Robots agreement （ Also known as the crawler protocol 、 Robot protocol, etc ） The full name is “ Exclusion criteria for web crawlers ”（Robots Exclusion Protocol）, Website through Robots The protocol tells search engines which pages to grab , Which pages can't be crawled .
In general robot.txt The document will use User-agent: start , The value of this item is used to describe the search engine robot robot Name .
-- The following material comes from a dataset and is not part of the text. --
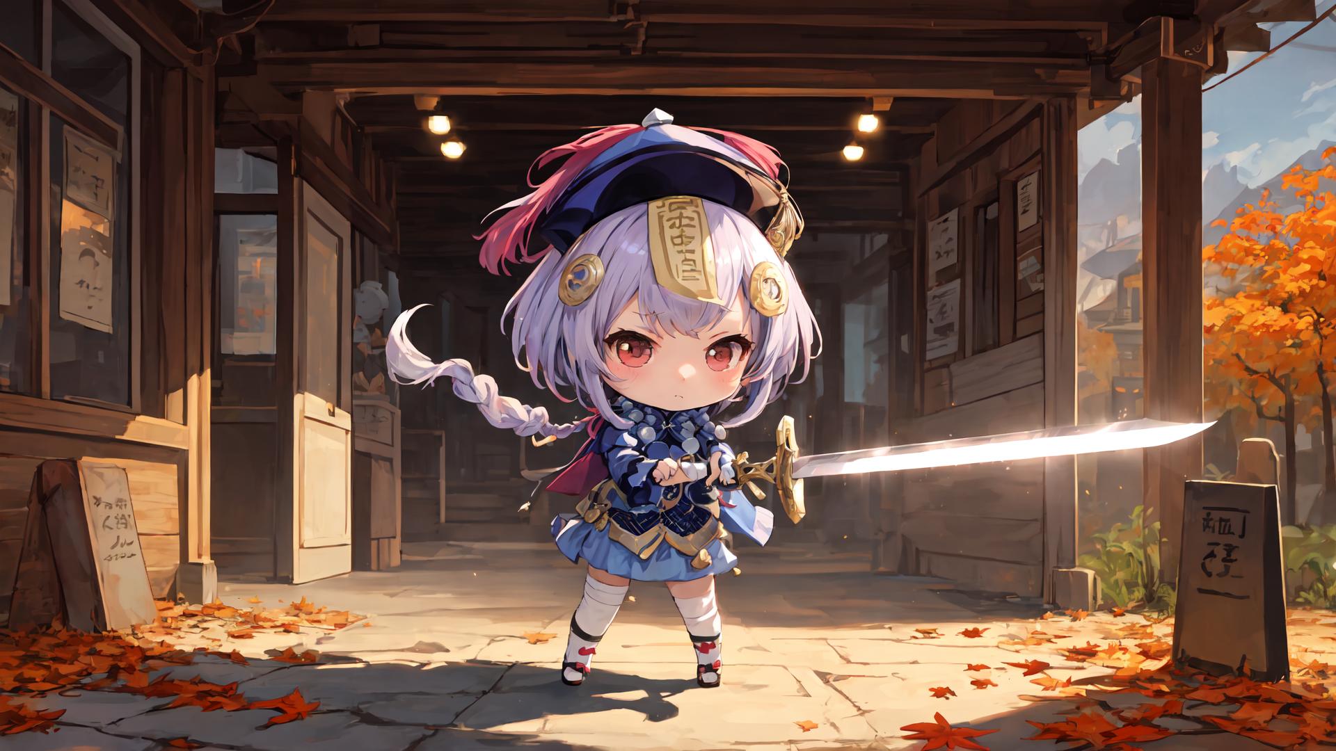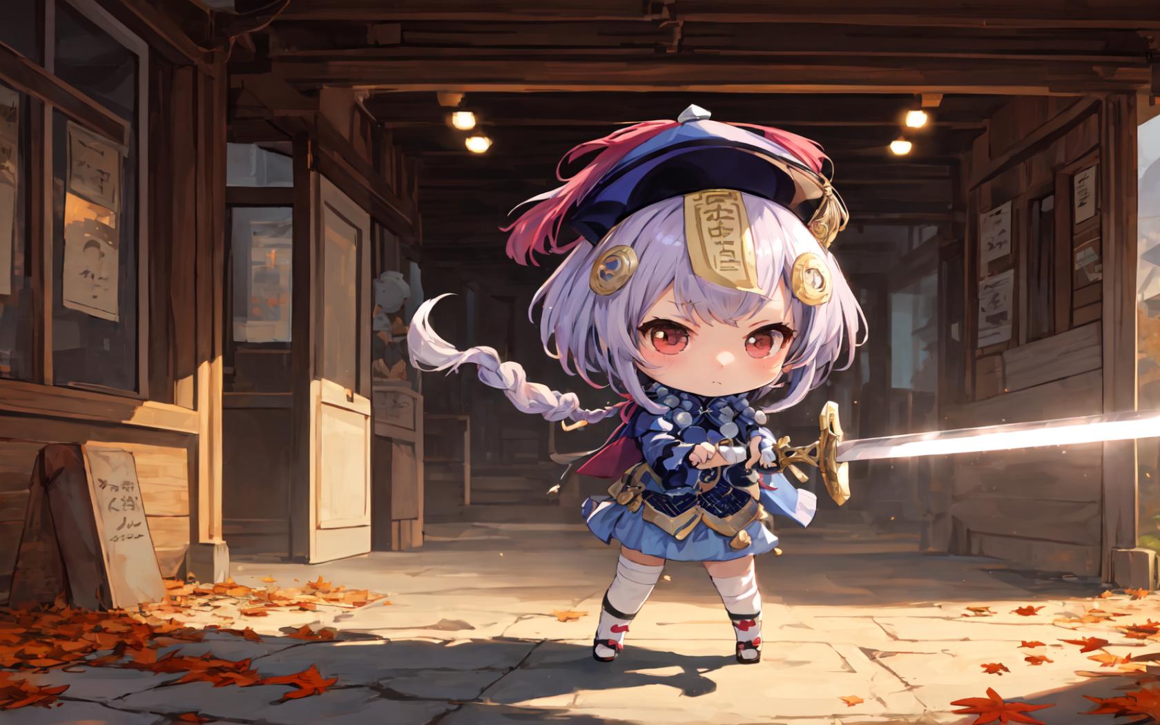 1girl, autumn leaves, bandaged leg, bandages, bangs, bead necklace, beads, braid, chibi, coin, coin hair ornament , falling leaves, full body, hair ornament, hat, holding, holding sword, holding weapon, jewelry, jiangshi, leaf, long hair, long sleeves, looking at viewer, maple leaf, necklace, ofuda, outdoors, purple hair, qing guanmao, red eyes, single braid, solo, standing, sword, thighhighs, vision (genshin impact), weapon, white thighhighs

for example User-agent:Baiduspider, It's a protocol constraint against Baidu spider ,robots.txt There must be at least one article in the document User-agent Record . If the value of the item is set to *（ wildcard ）, Then the protocol is valid for any search engine robot . If you use wildcards , There can only be one such record .
It's used to describe a website that you don't want to be visited by a search robot . This URL can be a full path , That is, the format of domain name plus directory name or file name , It could be relative , That is, the domain name is removed , Only file name or directory name .
One Disallow Corresponding to a file or directory , Write as many directories or files as you need to set Disallow.
Disallow: /admin/ The definition here is no crawling admin The directory below the directory
Disallow: /cgi-bin/*.htm Blocking access /cgi-bin/ All the contents in the directory are as follows ".htm" It's a suffix URL( Include subdirectories ).
Disallow: /.jpg$ It's forbidden to grab all the .jpg Format picture
Disallow:/ab/adc.html No climbing ab Under the folder adc.html file
Blocking access Admin A file in a directory
Disable the access of a search engine crawler
Allow: /cgi-bin/ The definition here is to allow crawling cgi-bin The directory below the directory
Allow: /tmp The definition here is to allow crawling tmp The entire catalog of
Allow: .htm$ Only allow access to ".htm" It's a suffix URL.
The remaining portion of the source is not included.